The following configuration is used if you don't set %config.
KEY DEFAULT VALUE
----------- ---------------
k1 2.0
b 0.75
pos1_filter [qw/非自立 代名詞 数 ナイ形容詞語幹 副詞可能 接尾/]
pos2_filter []
pos3_filter []
ng_word []
term_length_min 2
term_length_max 30
concat_max 30
tf_min 1
df_min 0
df_max 250_0000_0000
fetch_unk_word_df 0
db_auto 1
idf_type 1
api 'Yahoo'
appid undef
driver 'Storable'
df_file undef
fetch_df 1
expires_in 365
documents 250_0000_0000
Furl_HTTP undef
- k1 => $value
-
The weight of term frequency(TF).
- b => $value
-
The weight of document length normalization.
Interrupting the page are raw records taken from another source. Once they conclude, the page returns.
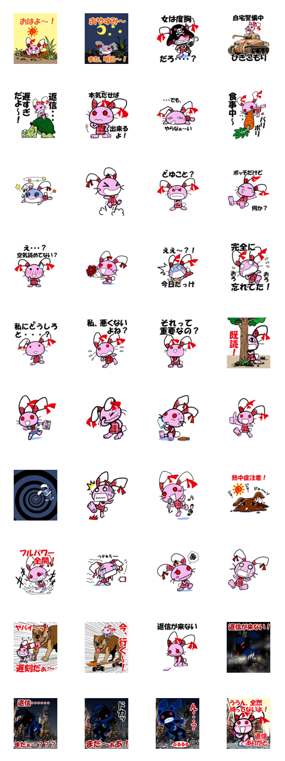 LOVE RABBIT(ラブ・ラビ) sugino giga コメントをどうぞ ギガの第四弾スタンプ、あのラブ・ラビがスタンプになって登場だよ~。今回はあの大怪獣MADAGOに変わって、兎怪獣が大暴れ、返信しない人に送ってあげてネ。 このスタンプどう思う?!↓クリックで投票♪好き (0)かわいい (0)かっこいい (0)おもしろい (0)使いやすそう (0)欲しい (0)萌え (0)ほっこりする (0)おしゃれ (0)ゆるい (0)こわい (0)ウザい (0)キモい (0)ムカつく (0)持ってる (0)癒される (0)セクシー (0)個性的 (0)私は買わない (0)誰かプレゼントして! (0) 購入・プレゼントする Facebookでシェア Twitterでシェア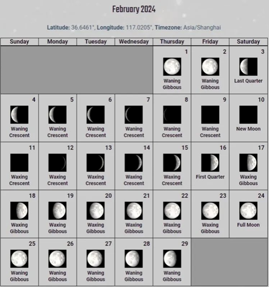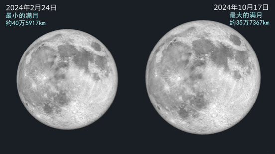 2024年2月24日元宵节晚上20:30望,年度最小满月,距离40万5917.129公里,视直径29'25.7"。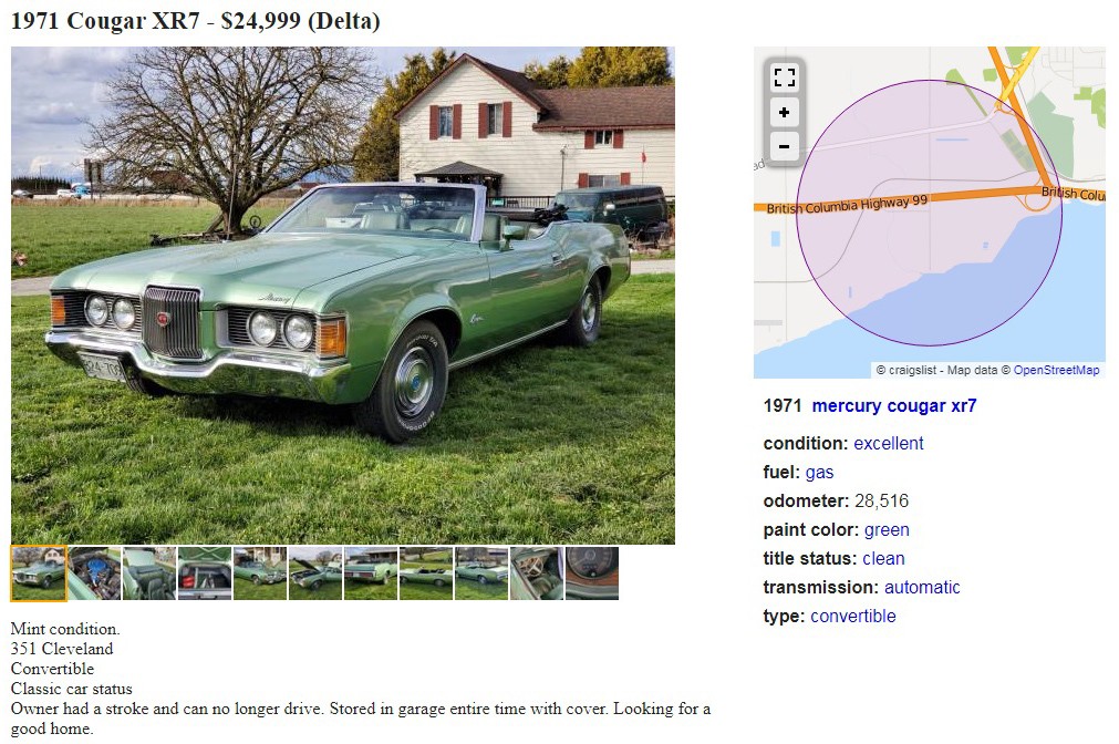 One of my fears is someday having a medical issue that’ll keep me from enjoying my oddball collection of oddball vehicles. It happens more often than you may think, and that’s supposedly the case with this “mint condition” 1971 Mercury Cougar XR-7 Convertible. The seller has it posted here on craigslist in Delta, British Columbia, Canada, and they’re asking $24,999. I’m assuming those are Canadian dollars. Here is the original listing, and thanks to Curvette for the tip!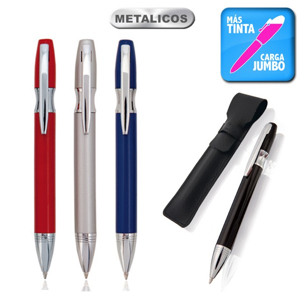 Bolígrafo de Alexluca de mecanismo giratorio en elegante diseño bicolor y suave cuerpo metálico en llamativos colores. Con original anilla, clip y punta en acabado plateado brillante y logotipo de la marca en parte superior. Presentado en funda individual de popiel en color negro con logotipo de la marca. De cartucho jumbo con tinta azul. Carga Jumbo. Funda Polipiel

- pos(1|2|3)_filter, ng_word, term_length_(min|max), concat_max, tf_min, df_(min|max), fetch_unk_word_df, db_auto
-
See Lingua::JA::TFWebIDF.
- idf_type, api, appid, driver, df_file, fetch_df, expires_in, documents, Furl_HTTP
-
See Lingua::JA::WebIDF.
extract( $document || \@documents )
Extracts terms from $document or \@documents. Word segmentation and POS tagging are done with MeCab.
tfidf, tf
See Lingua::JA::TFWebIDF.
idf, df, purge, db_open, db_close
See Lingua::JA::WebIDF.
AUTHOR
pawa <pawapawa@cpan.org>
SEE ALSO
Lingua::JA::WebIDF::Driver::TokyoTyrant
LICENSE
This library is free software; you can redistribute it and/or modify it under the same terms as Perl itself.